* [Requirement]: What you return should match the data below exactly, with no pictures in it.

* [Provided data]:
______________________________

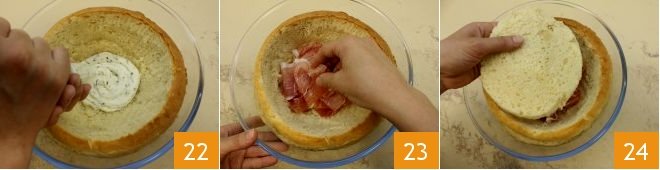 Then take the piping bags with the creams and start filling the ball-shaped pie with all the basil cream at the bottom 22, then add the whole slices of prosciutto 23, cover with a layer of brioche bread 24 and continue with all the prosciutto cream.
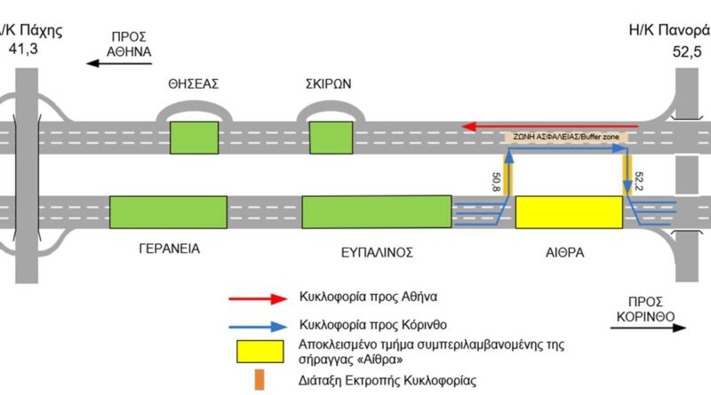 - Η κυκλοφορία προς Κόρινθο θα διεξάγεται μέσω της αριστερής λωρίδας του αντίθετου ρεύματος (προς Αθήνα).
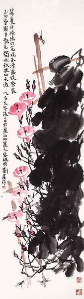 刘星 《牵牛秋韵》 纸本设色 180cm×49cm 2025年
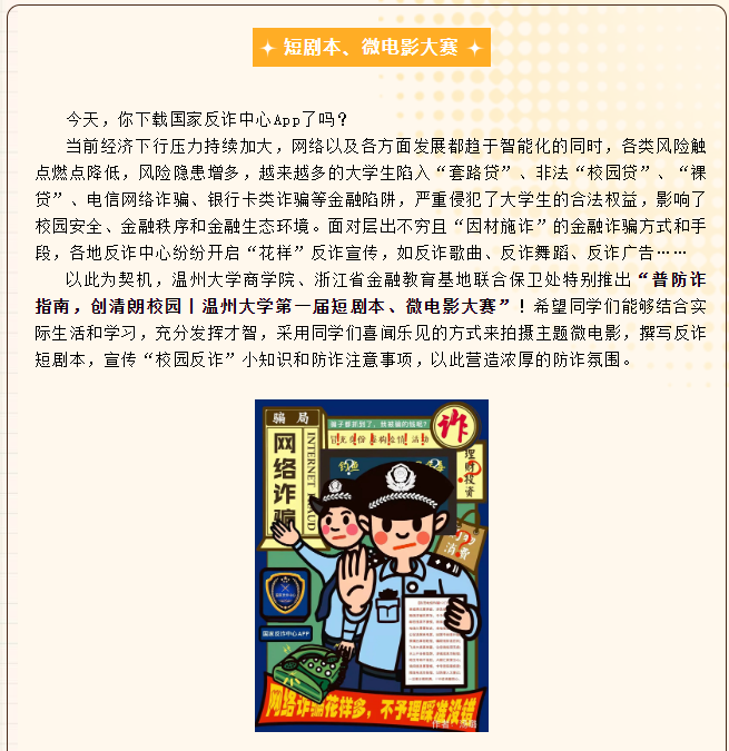 为了让更多学生了解金融知识,防范金融诈骗,金融宣传教育基地联合温州大学保卫处特别推出“普防诈指南,创清朗校园|温州大学第一届短剧本、微电影大赛”,通过短剧本、微电影的制作,营造浓厚的防诈氛围,让更多的学生能更深刻理解防范电信诈骗的重要性。截至4月22日,共收到来自5个学院共计22份作品,如教育学院作品《贷价》和商学院作品《贷价》,两个作品虽然题目相同,但主题主线的切入点却大有不同,给同学们日常防诈、反诈提供新的视角,目前所有作品正在火热投票评选中。
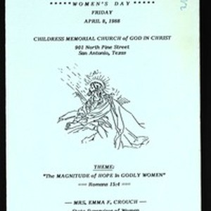 Women's day program, "The magnitude of hope in Godly women", Ministers and workers meeting, Texas southwest, Childress Memorial Church of God in Christ, San Antonio, Texas, 1988 April 8. [Description English/roman)]
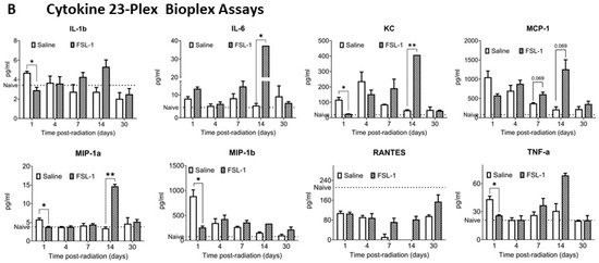 To assess the effect of FSL-1 on inflammatory cytokines/chemokines and growth factors, a Bioplex assay was performed with the serum samples from the same cohort (used for ELISA) using a cytokine 23-plex panel. Serum samples (n = 3) were used for both FSL-1 and saline groups on days 1, 4, 7, 14, and 30 post-radiation (Figure 3B). Our results show significantly increased interleukin-6 (IL-6) (p = 0.003), keratinocyte-derived chemokine (KC) (p < 0.001), and macrophage inflammatory protein 1a (MIP-1a) levels (p < 0.0001) in FSL-1-treated mice compared to the control group 14 days post-radiation. On the contrary, KC (p = 0.0003), IL-1b (p = 0.005), MIP-1a (p = 0.009), MIP-1b (p = 0.008), and tumor necrosis factor (TNF-a) (p = 0.006) showed significantly decreased levels 1 day post-radiation in mice treated with FSL-1 pre-TBI compared to mice treated with saline.
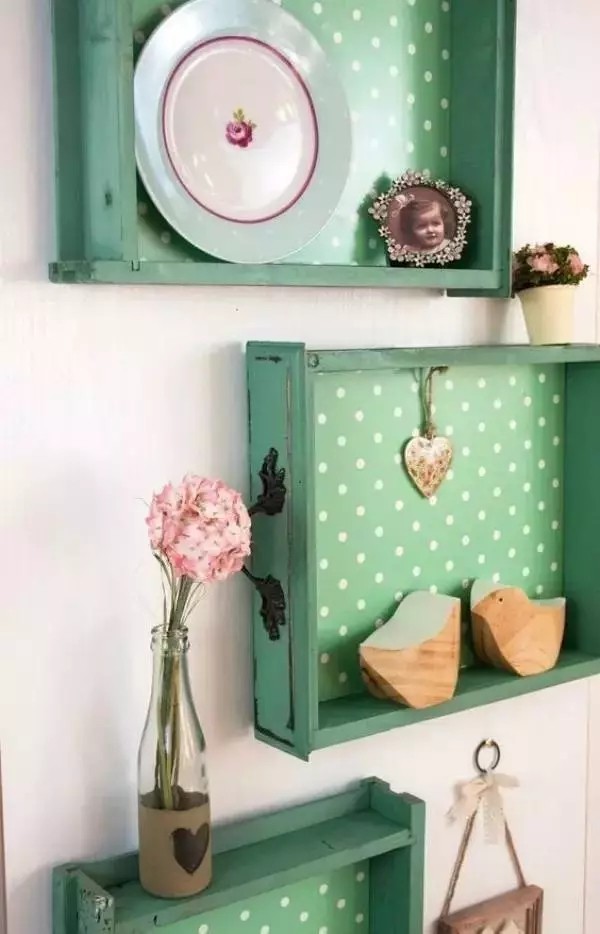 將抽屜噴上自己喜歡的顏色,安裝在墻面上,擺上自己喜歡的小飾品,一個兼具美貌、獨(dú)特于一身的置物架完成。
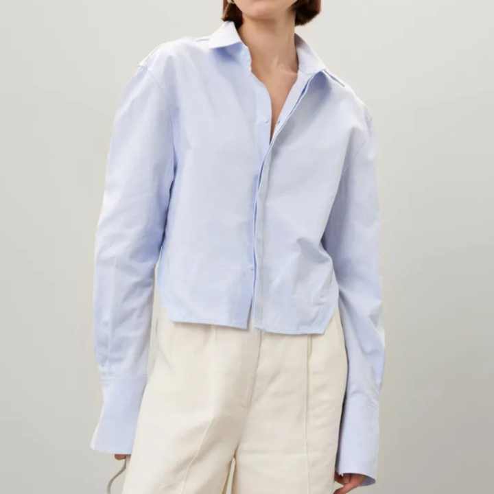 Camisa de Manga Larga con Cuello y Detalle de Espalda Descubierta, Diseño Personalizado, Color Sólido, Popelina de Algodón para Mujer, Nueva Llegada
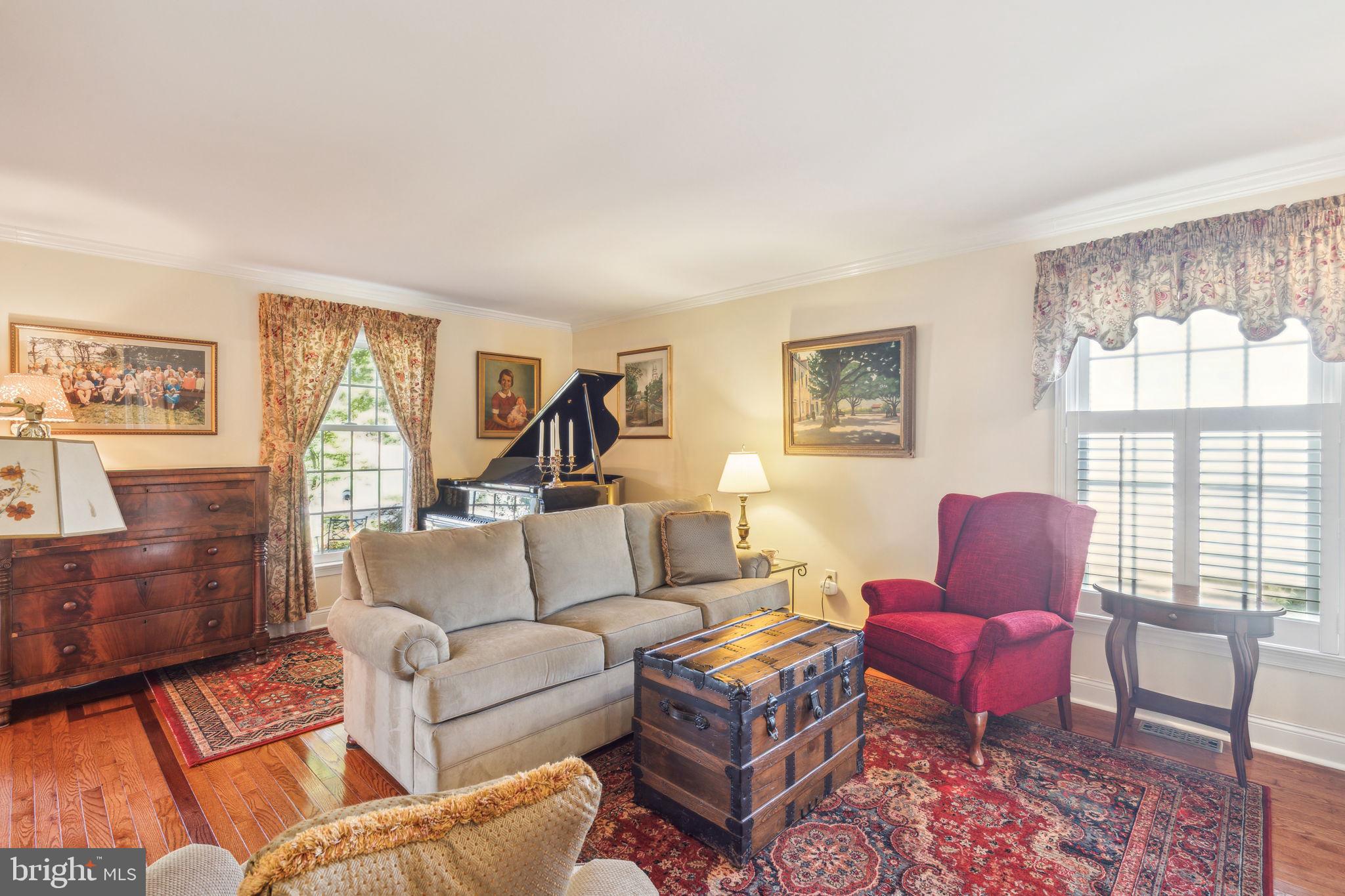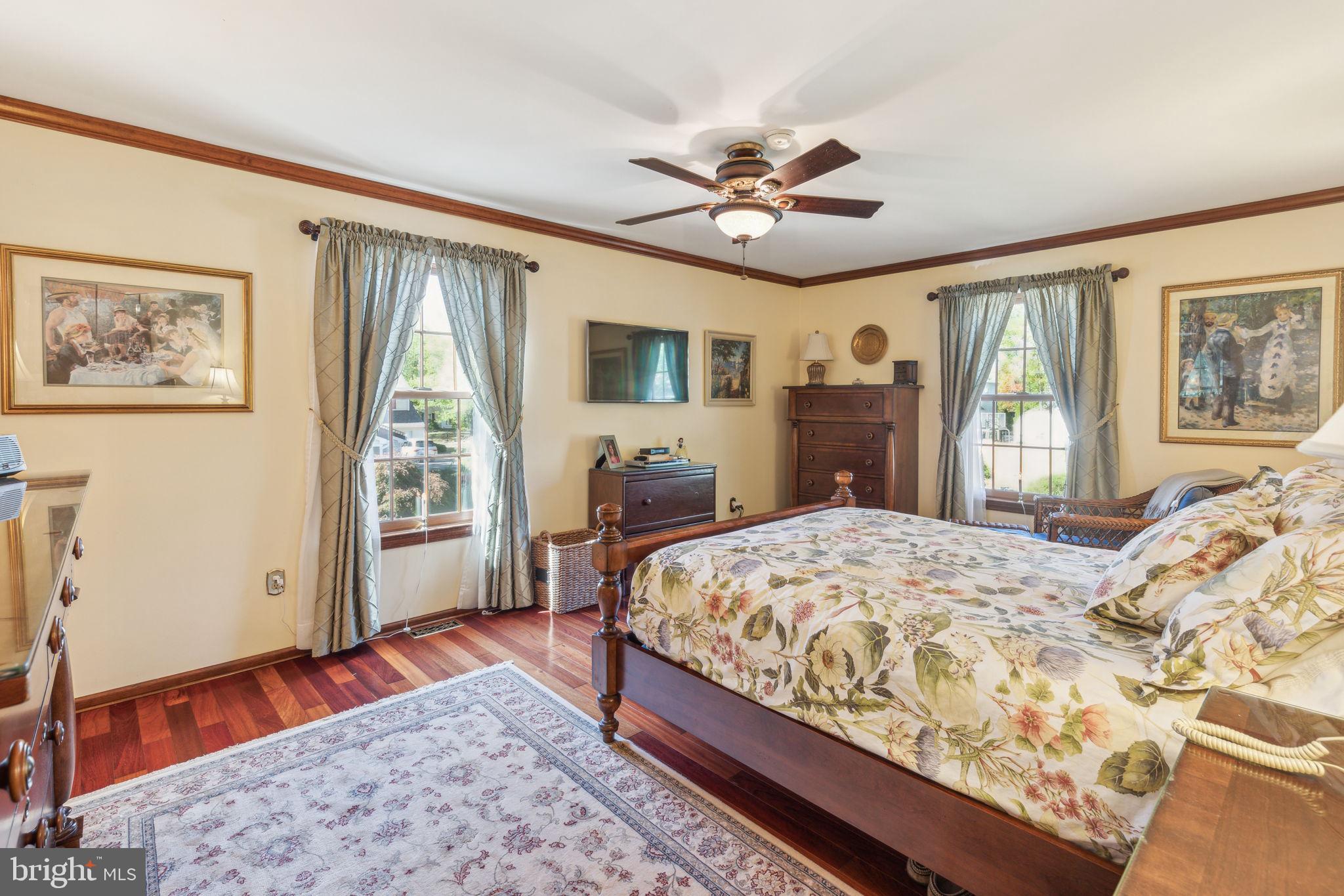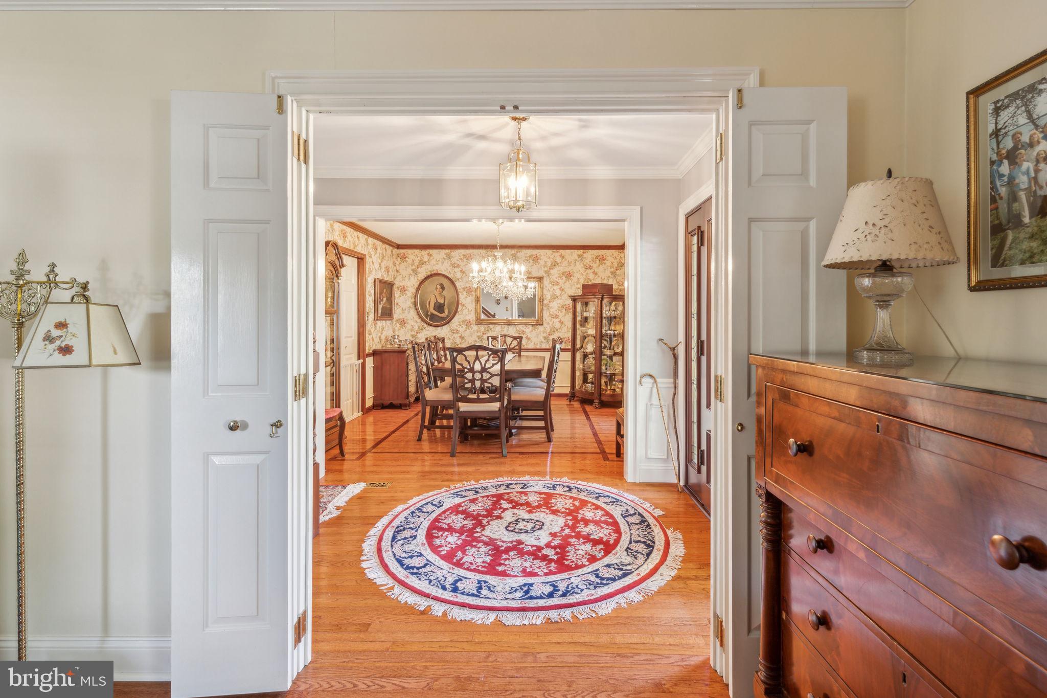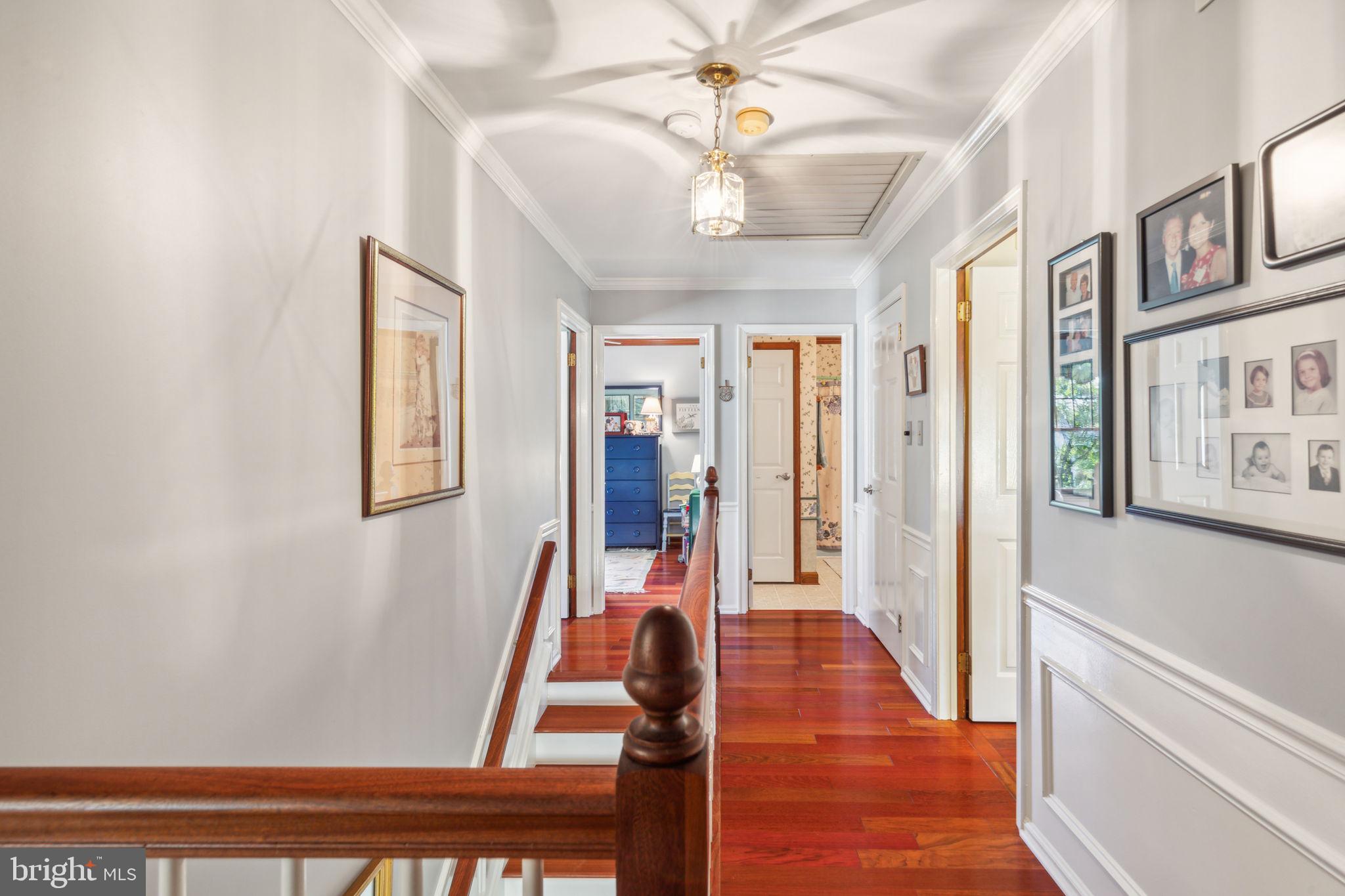 Welcome to 135 Hickory Lane, an expanded Jamestown model in the heart of Woodridge! This home boasts 4-bedrooms, 2.5-bathrooms, and 2,412 square feet of living space. As you approach the property, you'll notice the professional landscaping, multi-zone sprinkler system, and cupola on the garage roof! The blacktop driveway comfortably accommodates six cars, while the solid mahogany front door sets a tone of elegance. Step inside to find an interior that is as functional as it is stylish! The first floor features Bruce Gunstock Oak flooring, while the second floor boasts stunning Brazilian Cherry hardwood. Crown molding adorns every room, including the primary closet, and the attention to detail continues with wainscoting in the dining room and hallways. The spacious kitchen is a chef's dream, featuring Samsung French door extra large refrigerator, LG 5 burner range, Whirlpool Gold microwave, three KitchenAid rack dishwasher, Insinkerator garbage disposal, a large pantry with an electrical outlet, and a push-out kitchen window with a generous windowsill. The family room is perfect for cozy nights in, offering built-in bookcases and cabinets, a gas fireplace with remote control, and adjustable lighting. The upgraded laundry room, expanded by 6 feet, includes a solid mahogany Dutch door, a quartz countertop, a heavy-duty stainless steel sink with a separate faucet, and stacked washer and dryer. Upstairs, you'll find 4 spacious bedrooms and 2 full bathrooms. The primary bedroom features custom closet lighting and a luxurious primary bath with an upgraded shower. Additional bedrooms offer lighting in the closets & ceiling fans, with built-in dressers & bookshelves in the middle bedroom! Outside, the fenced-in backyard boasts a large heated swimming pool, safety fencing, a spacious patio, and an arbor swing with clematis vines. The electrified Wendy House doubles as a playhouse or shed. Additional features include a basketball hoop in the front yard, insulated steel garage doors with remote openers, upgraded garage lighting, pull-down attic stairs on the 2nd floor with large walk-in attic and second attic in the garage, a gas tankless water heater, a Lennox high-efficiency HVAC system, and a whole-house fan with enlarged attic vents. This home is truly a rare find, don't miss the opportunity to make 135 Hickory Lane your forever home. Schedule your showing today!

______________________________

* [Solution for this problem]:
 Then take the piping bags with the creams and start filling the ball-shaped pie with all the basil cream at the bottom 22, then add the whole slices of prosciutto 23, cover with a layer of brioche bread 24 and continue with all the prosciutto cream.
 - Η κυκλοφορία προς Κόρινθο θα διεξάγεται μέσω της αριστερής λωρίδας του αντίθετου ρεύματος (προς Αθήνα).
 刘星 《牵牛秋韵》 纸本设色 180cm×49cm 2025年
 为了让更多学生了解金融知识,防范金融诈骗,金融宣传教育基地联合温州大学保卫处特别推出“普防诈指南,创清朗校园|温州大学第一届短剧本、微电影大赛”,通过短剧本、微电影的制作,营造浓厚的防诈氛围,让更多的学生能更深刻理解防范电信诈骗的重要性。截至4月22日,共收到来自5个学院共计22份作品,如教育学院作品《贷价》和商学院作品《贷价》,两个作品虽然题目相同,但主题主线的切入点却大有不同,给同学们日常防诈、反诈提供新的视角,目前所有作品正在火热投票评选中。
 Women's day program, "The magnitude of hope in Godly women", Ministers and workers meeting, Texas southwest, Childress Memorial Church of God in Christ, San Antonio, Texas, 1988 April 8. [Description English/roman)]
 To assess the effect of FSL-1 on inflammatory cytokines/chemokines and growth factors, a Bioplex assay was performed with the serum samples from the same cohort (used for ELISA) using a cytokine 23-plex panel. Serum samples (n = 3) were used for both FSL-1 and saline groups on days 1, 4, 7, 14, and 30 post-radiation (Figure 3B). Our results show significantly increased interleukin-6 (IL-6) (p = 0.003), keratinocyte-derived chemokine (KC) (p < 0.001), and macrophage inflammatory protein 1a (MIP-1a) levels (p < 0.0001) in FSL-1-treated mice compared to the control group 14 days post-radiation. On the contrary, KC (p = 0.0003), IL-1b (p = 0.005), MIP-1a (p = 0.009), MIP-1b (p = 0.008), and tumor necrosis factor (TNF-a) (p = 0.006) showed significantly decreased levels 1 day post-radiation in mice treated with FSL-1 pre-TBI compared to mice treated with saline.
 將抽屜噴上自己喜歡的顏色,安裝在墻面上,擺上自己喜歡的小飾品,一個兼具美貌、獨(dú)特于一身的置物架完成。
 Camisa de Manga Larga con Cuello y Detalle de Espalda Descubierta, Diseño Personalizado, Color Sólido, Popelina de Algodón para Mujer, Nueva Llegada
 Welcome to 135 Hickory Lane, an expanded Jamestown model in the heart of Woodridge! This home boasts 4-bedrooms, 2.5-bathrooms, and 2,412 square feet of living space. As you approach the property, you'll notice the professional landscaping, multi-zone sprinkler system, and cupola on the garage roof! The blacktop driveway comfortably accommodates six cars, while the solid mahogany front door sets a tone of elegance. Step inside to find an interior that is as functional as it is stylish! The first floor features Bruce Gunstock Oak flooring, while the second floor boasts stunning Brazilian Cherry hardwood. Crown molding adorns every room, including the primary closet, and the attention to detail continues with wainscoting in the dining room and hallways. The spacious kitchen is a chef's dream, featuring Samsung French door extra large refrigerator, LG 5 burner range, Whirlpool Gold microwave, three KitchenAid rack dishwasher, Insinkerator garbage disposal, a large pantry with an electrical outlet, and a push-out kitchen window with a generous windowsill. The family room is perfect for cozy nights in, offering built-in bookcases and cabinets, a gas fireplace with remote control, and adjustable lighting. The upgraded laundry room, expanded by 6 feet, includes a solid mahogany Dutch door, a quartz countertop, a heavy-duty stainless steel sink with a separate faucet, and stacked washer and dryer. Upstairs, you'll find 4 spacious bedrooms and 2 full bathrooms. The primary bedroom features custom closet lighting and a luxurious primary bath with an upgraded shower. Additional bedrooms offer lighting in the closets & ceiling fans, with built-in dressers & bookshelves in the middle bedroom! Outside, the fenced-in backyard boasts a large heated swimming pool, safety fencing, a spacious patio, and an arbor swing with clematis vines. The electrified Wendy House doubles as a playhouse or shed. Additional features include a basketball hoop in the front yard, insulated steel garage doors with remote openers, upgraded garage lighting, pull-down attic stairs on the 2nd floor with large walk-in attic and second attic in the garage, a gas tankless water heater, a Lennox high-efficiency HVAC system, and a whole-house fan with enlarged attic vents. This home is truly a rare find, don't miss the opportunity to make 135 Hickory Lane your forever home. Schedule your showing today!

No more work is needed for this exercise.